The data was transferred to GPMDB from TRANCHE.
This study demonstrates that it is possible to generate very good results from membrane proteins isolated from tissue, even
those that do not readily dissolve in detergent solutions, such as lipid raft proteins. GO analysis of the
resulting protein identifications shows very significant enrichments in proteins known to be either integral
membrane, membrane associated or part of the extracellular matrix.
Data set of the week: (2010/04/18) Targeted tandem affinity purification of PSD-95 recovers core postsynaptic complexes and schizophrenia susceptibility proteins.
This data set contains 70 LC/MS/MS runs obtained
using TAP-tag protein isolation, SDS-PAGE separation followed by tandem mass spectrometry. It was originally published by Fernández E, Collins MO, Uren RT, Kopanitsa MV, Komiyama NH, Croning MD, Zografos L, Armstrong JD, Choudhary JS, Grant SG. Mol Syst Biol. 2009;5:269
(PubMed).
The data corresponds to the PeptideAtlas accession PAe001454 and was transferred to GPMDB.

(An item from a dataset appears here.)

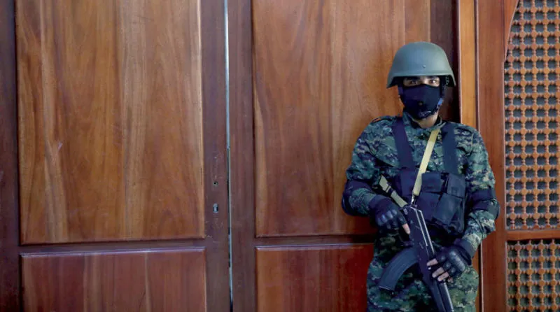 عنصر أمني في مقر رسمي للحكومة غير المعترف بها دولياً في صنعاء (رويترز)
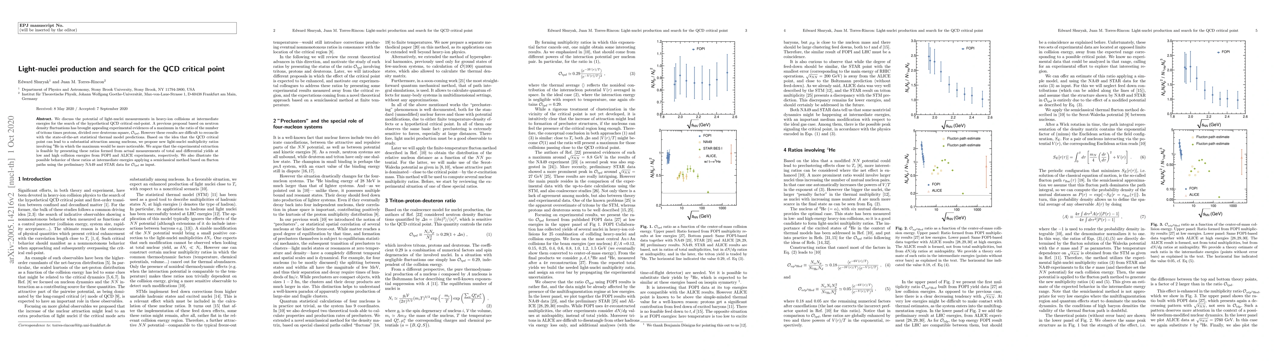 We discuss the potential of light-nuclei measurement in heavy-ion collisions at intermediate energies for the search of the hypothetical QCD critical end-point. A previous proposal based on neutron density fluctuations has brought appealing experimental evidences of a maximum in a ratio involving tritons, protons and deuterons, ${\cal O}_{tpd}$. However these results are difficult to reconcile with the state-of-the-art statistical thermal model predictions. Based on the idea that the QCD critical point can lead to a substantial attraction among nucleons, we propose new ratios involving $^4$He in which the maximum would be more evident. We argue that the experimental extraction is feasible by presenting actual measurements at low and high collision energies. We also illustrate the possible behavior of these ratios at intermediate energies applying the semiclassical method based on flucton paths using preliminary STAR data for ${\cal O}_{tpd}$.

The results are a good demonstration of the depth and detail of a particular molecular system that can be
obtained by coupling TAP-tagging with protein and subsequent peptide separations. The use of multiple gel
slices allows a depth of proteome coverage that would be difficult to obtain using other techniques.
Updated NCBI bacterial proteomes (2010/04/15)
The public GPM search servers have been updated with the most recent
set of bacterial proteomes available from the US National Center for Biotechnology Information.
This new set of sequences
adds approximately 200 new species to the list of proteomes available. Multiple
new species of human pathogens have been added, as well as additional strains of
species previously available.
ENSEMBL changes affecting GPM species (2010/04/13)
ENSEMBL has been widening its offerings of proteome sequences and annotation
over the last few months. Of the most utility to GPM has been the addition
of server systems to specifically deal with non-vertebrate species, such as
fungi, non-vertebrate metazoa, plants and protists. We are in the process of converting
some of the references and annotation sources in GPM to take advantage of
these new resources. To date, the following species have been switched to
using ENSEMBL metazoa:
A. gambiae,
C. elegans, and
D. melanogaster.
The following species have been switched to using ENSEMBL plant:
O. sativa,
A. thaliana, and
B. distachyon - this new proteome has been added to plant.thegpm.org.
The following species have been switched to using ENSEMBL fungi:
S. pombe.
Data set of the week: (2010/04/11) Proteomics of mouse liver microsomes
This data set contains 9 LC/MS/MS runs obtained
using SDS-PAGE separation followed by tandem mass spectrometry. It was originally published by Zgoda VG, Moshkovskii SA, Ponomarenko EA,
Andreewski TV, Kopylov AT, Tikhonova OV, Melnik SA, Lisitsa AV, and Archakov AI in
Proteomics, 2009,9:4102-5 (PubMed).
The data corresponds to the PRIDE accessions 8848-8856 and was transferred to GPMDB.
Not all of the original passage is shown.